Staff retention will continue to be a key priority for all leadership teams in 2023. A recent RWK Goodman poll of 121 care providers revealed that 19% of providers had turnover rates of over 40% and 7% had rates of over 50%, which is not sustainable.

James adds: “Providers will need to have robust and effective recruitment processes in place to create a positive candidate experience and avoid losing candidates during the process, which has been a significant problem this year, with stiff competition for candidates.

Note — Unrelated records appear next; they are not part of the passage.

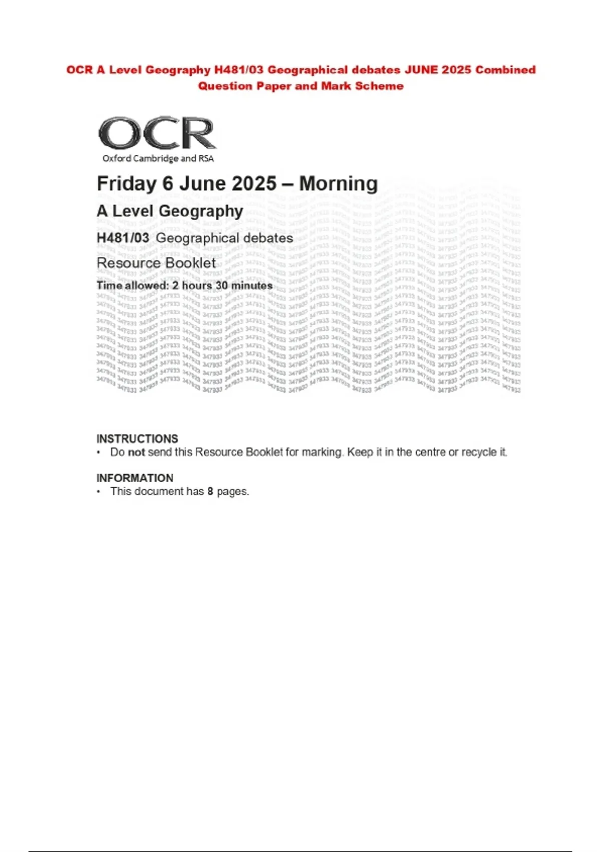 OCR A Level Geography H481/03 Geographical debates JUNE 2025 Combined Question Paper and Mark Scheme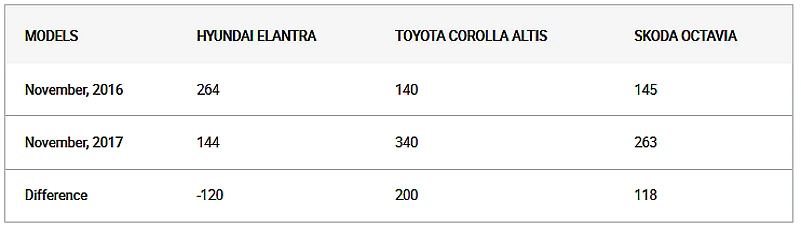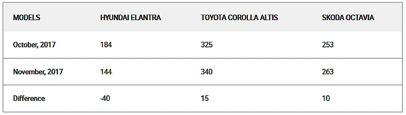 Sales of the Hyundai Elantra were nowhere close to its stablemates in October. In fact, the numbers dropped further in November. This could possibly be due to cannibalization from the newly launched Verna which has several first-in-class features and also bears a lot of resemblance to the Elantra. As for the Toyota Corolla Altis, it comes out on top of the class with sales numbers further increasing by 15 units. The Skoda Octavia recently received the RS variant which we can’t stop drooling over, but the latter couldn’t make any significant contribution to its sales due to its expensive upkeep. Overall, the numbers have been satisfactory for the Czech car considering the Corolla’s sales.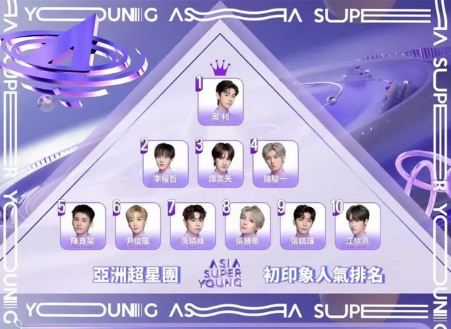 乐华娱乐稳坐阵中,旗下艺人程潇和朱正廷在《亚洲超星团》担任导师,在65名选手中,有12位来自乐华。11月19日,节目在官博上公开了初印象人气排名,有6位乐华的选手进入前十,排名第一的是曾参加韩国选秀《Boys planet》的奥利。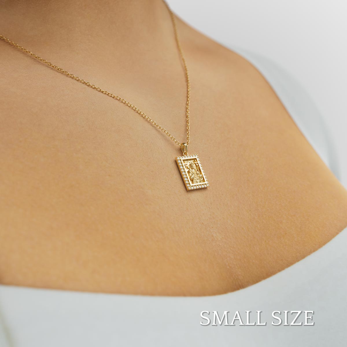 Embrace divine protection with this exquisitely sculpted Christ the Good Shepherd Orthodox icon medal. Crafted with meticulous detail, this small, pavé-embellished tag medal radiates a sense of reverence and enduring faith. A luxurious and meaningful piece, it serves as a constant reminder of Christ's loving guidance and watchful care. This beautifully designed icon medal makes a thoughtful gift for those seeking spiritual comfort and elegant adornment.
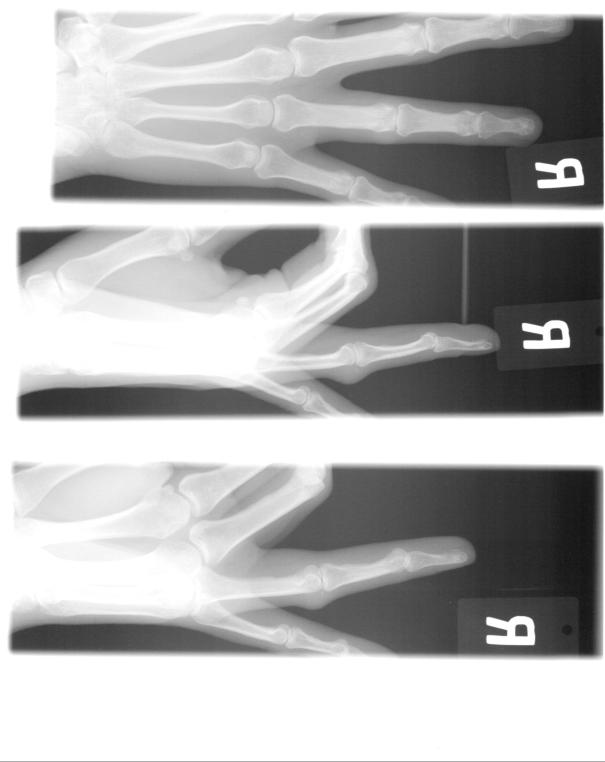 Sen var det dags för röntgen för att se om fingret var brutet. Det visade sig att det lossnat en liten, liten flisa vi den första leden på fingret. Dock behövde jag inte gipsas som tur var, utan han tejpade ihop fingret med långfingret istället. Om inte svullnaden och värken gått ner betydligt om två veckor så måste jag dit igen, annars ska det vara helt läkt om fyra veckor. En kul grej: när vi gick därifrån fick vi med oss röntgenplåtarna på en cd-skiva! Så om någon vill se hur mitt finger ser ut så har ni det här (det är alltså röntgat efter att han dragit fingret i rätt läge så det ser inte läskigt ut: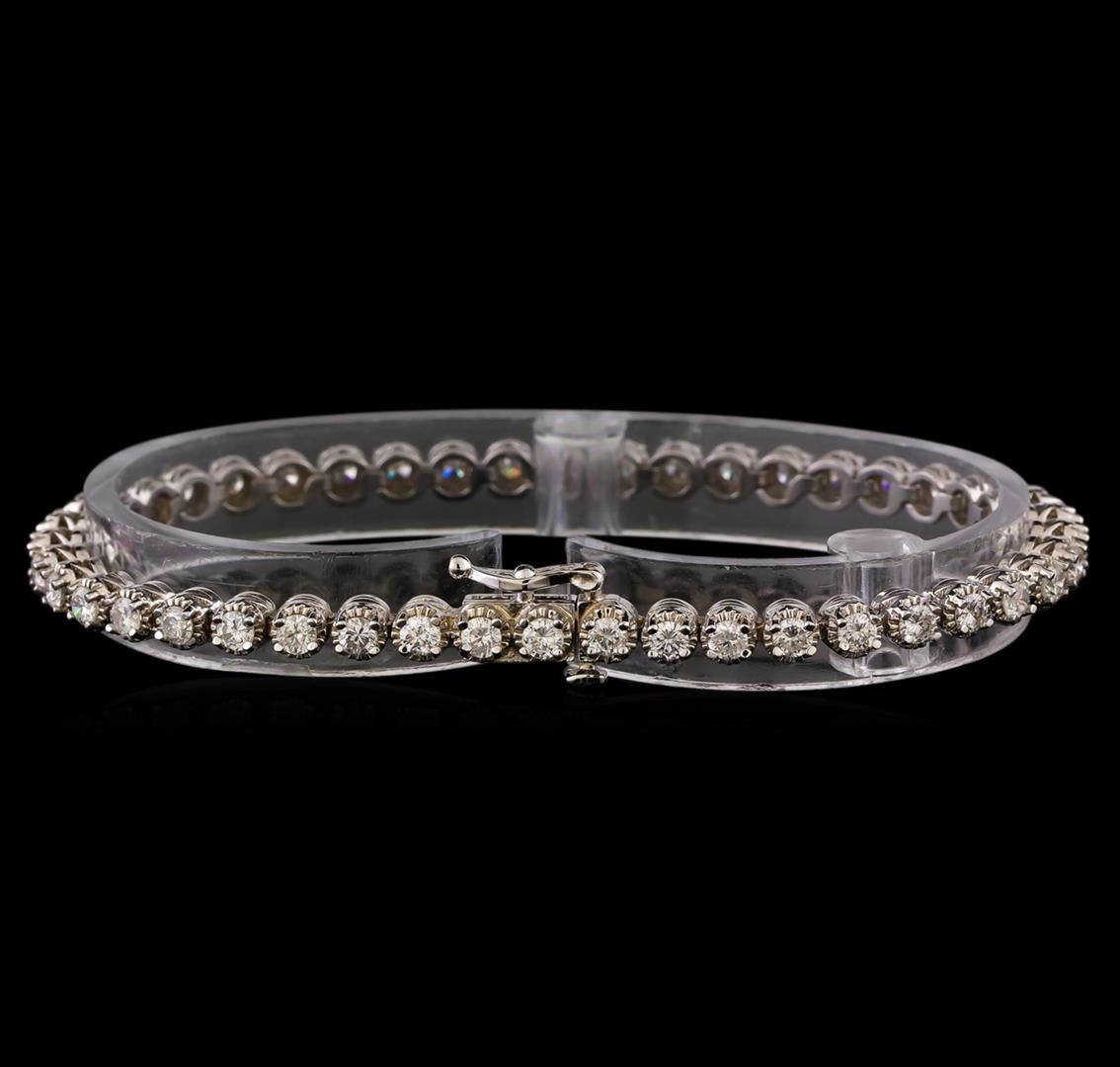 One electronically tested 14KT white gold ladies combination cast & assembled diamond tennis bracelet with a hidden box clasp with safety closer with a bright polish finish. Measurements: 7 in length. Identified with markings of 14K. Condition is new. Containing: Forty-Four prong set round brilliant cut diamonds, measuring 2.40 - 2.40 x 1.44mm (depth est.) approximate total weight of 44 Stones = 2.23ct. Clarity: SI-1 to I-1. Color: H - J, Cut is Good. All diamonds are graded in the mounting, unless otherwise stated. Total Weight of Diamonds 2.23ct. Total Weight of Tennis Bracelet 11.76 grams. GGL Appraised at $7,380.00.
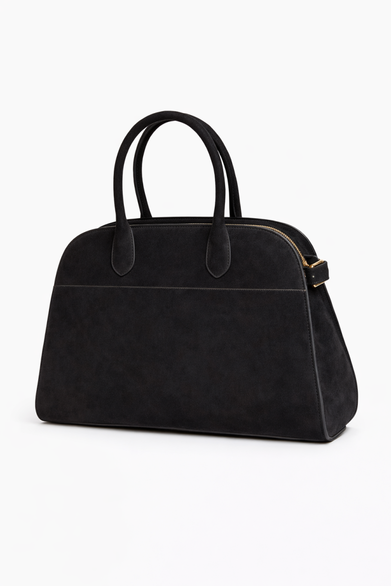 Сумка в стилі The Row з еко замші у класичному чорному кольорі — універсальний аксесуар для щоденних та ділових образів.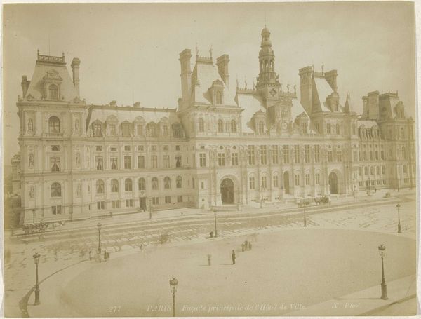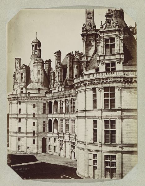 Curator: Here we have a photograph from 1904, "Gezicht op het kasteel van Chambord", held here at the Rijksmuseum. What strikes you initially about it? Editor: The overwhelming density, all those towers and turrets, a gothic fever dream built in stone! The light emphasizes texture and materiality so strongly, almost obliterating the structure behind. It feels less like a regal residence and more like a factory producing fairy tales. Curator: Interesting point. Chambord was commissioned by King François I in the 16th century, reflecting a significant shift in power dynamics and royal iconography. Photography in 1904 had evolved, allowing a detailed capture of architectural majesty while simultaneously democratizing access to these formerly exclusive sites. How do you think this medium shapes the interpretation? Editor: I’m intrigued by how photography itself becomes a manufacturing process. Light, chemistry, labor in development and printing; the image is an artifact of specific industrial practices and a means of mass dissemination. And given its inherent indexicality, the photograph seems to emphasize the castle's concrete presence. Curator: Absolutely. It brings the stone, the scale, and the detail into the domestic sphere in a new way. I find it compelling how photography enables and frames a dialogue between royal spectacle and modern viewers. Does it encourage deference or allow for new critical viewpoints on national heritage? Editor: I think it definitely facilitates new interpretations. This isn’t just a record; it is about circulation, reception, the making and remaking of public memory. And considering how the image might have reached broader audiences—perhaps via postcards or printed reproductions—we confront an intriguing interplay between accessibility and consumption. Curator: Indeed. Considering the scale of Chambord, one wonders about the vast amount of materials used and labor expended. Each element tells a story of societal infrastructure, craftsmanship, and economic might. Editor: Precisely, it all boils down to production and the forces behind image distribution. The way photography shapes how we relate to such grand edifices speaks volumes about the nature of accessible information in a modernizing world. Curator: This photograph certainly invites a discussion on various perspectives concerning heritage, democratization, and representational techniques, making our experience of the image truly interesting. Editor: I'm leaving with an even greater appreciation for how technological advancement mediates history. The printmaking truly gives an uncanny view, doesn't it?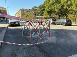 Nuvole di vapore bianco salgono dall’asfalto. E intanto l'area è stata transennata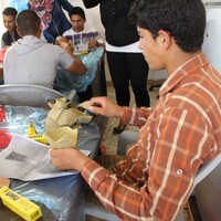 Jordan. Busayra, school group archaeological site visit and pottery activity
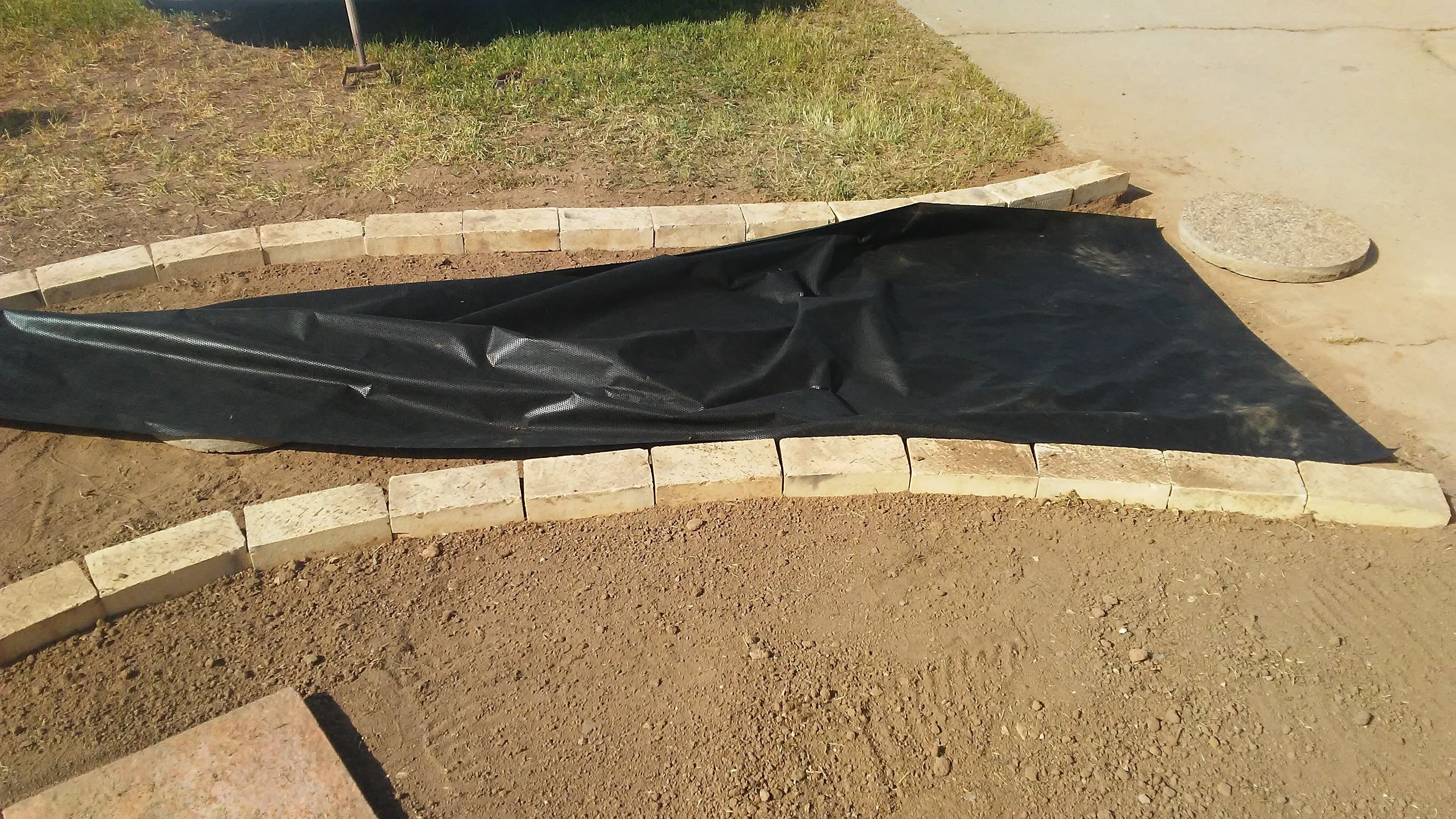 First step was to remove the pavers from the path so that we could lay down the weed blocking fabric.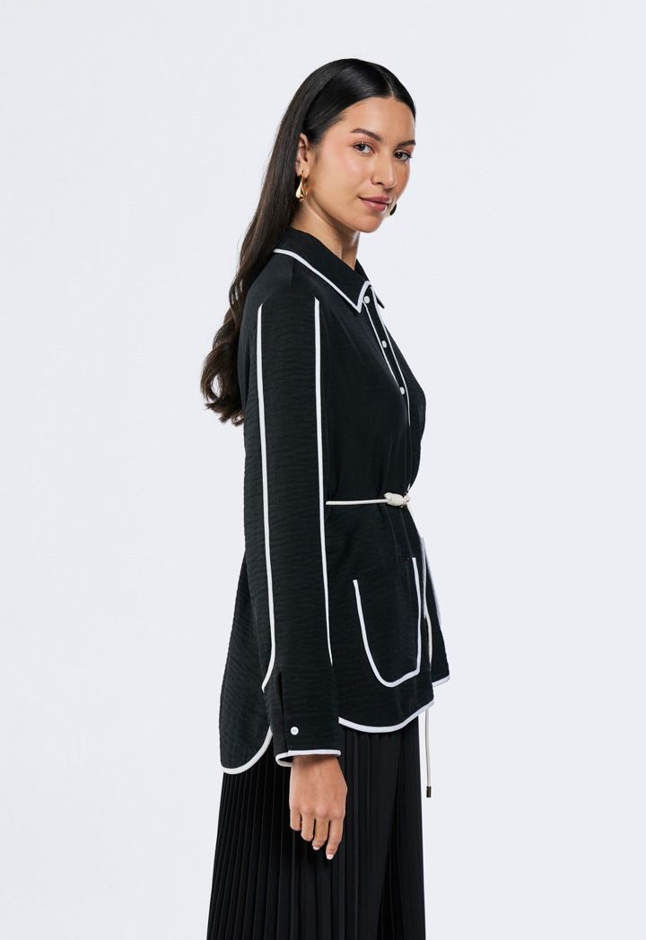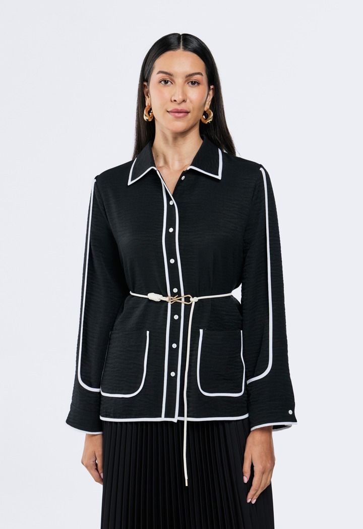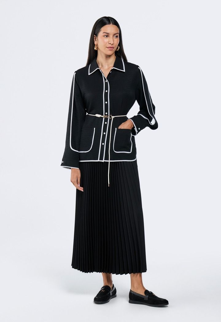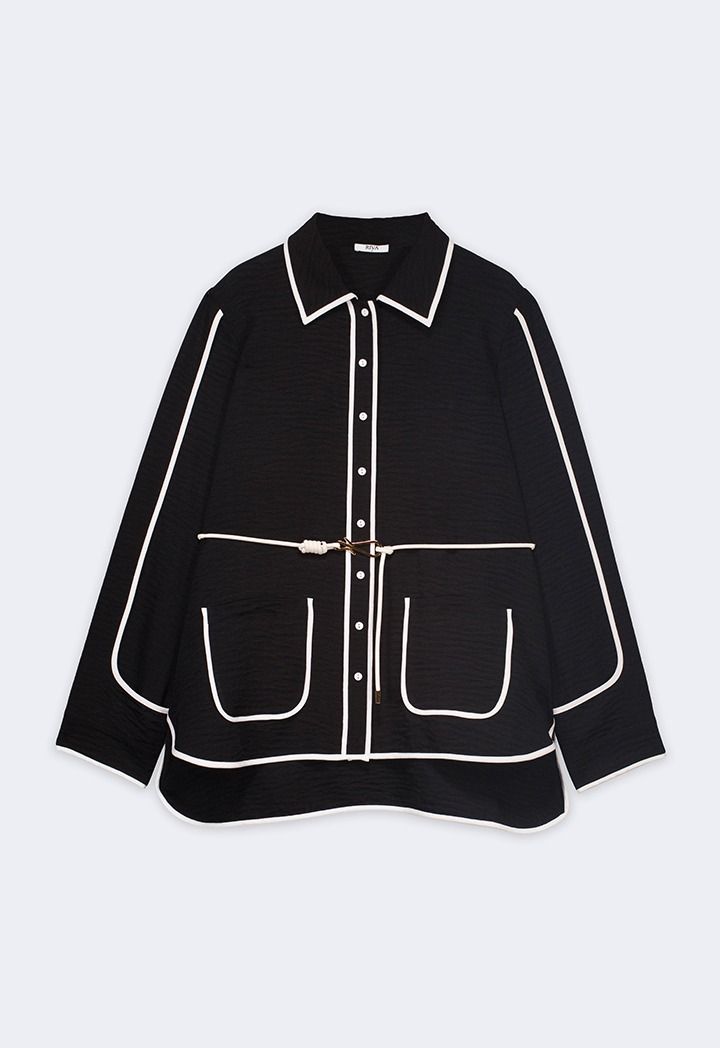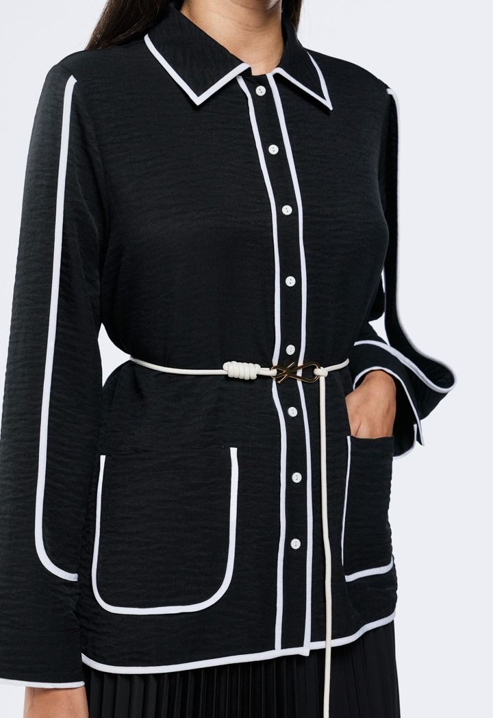 Design: Contrast, Crinkled, Patch Pockets, Rope Belt, High Low

The first 90 days of employment is the highest risk area for staff attrition and perfecting the onboarding process will be key to retaining staff, with a greater and sustained focus on engagement, training, communication, and peer support during that time.

“A greater focus on culture, wellbeing, flexible working and learning and development will also be key to retaining staff in 2023.”

Availability of funding and the transaction market
Bank lending remains readily available but with tighter terms, says RWK Goodman Corporate and Banking Partner Claire Wheatley and Corporate Partner Hazel Phillips.

“Banks continue to see the Social Care sector in a positive light and are keen to make funds available to established providers wanting to expand or build new homes.

“However, as for all finance, margins along with the base rate have increased which has impacted the loan-to-value and interest cover ratios. Expect terms to be set with more headroom.”

Appetite from private equity for the sector appears to be recovering following the political upheaval in the Autumn of last year.

Sellers need to be realistic about the price and terms they can achieve given the increase in the cost of debt, energy costs and workforce issues. Those looking for an exit should take expert advice from sector-specific agents and corporate finance teams to ensure they obtain the best terms possible. Price needs to be carefully balanced against the credibility of the offer received, with close attention being paid at the offer stage to the financial backing of the buyer and speed with which they can execute the transaction.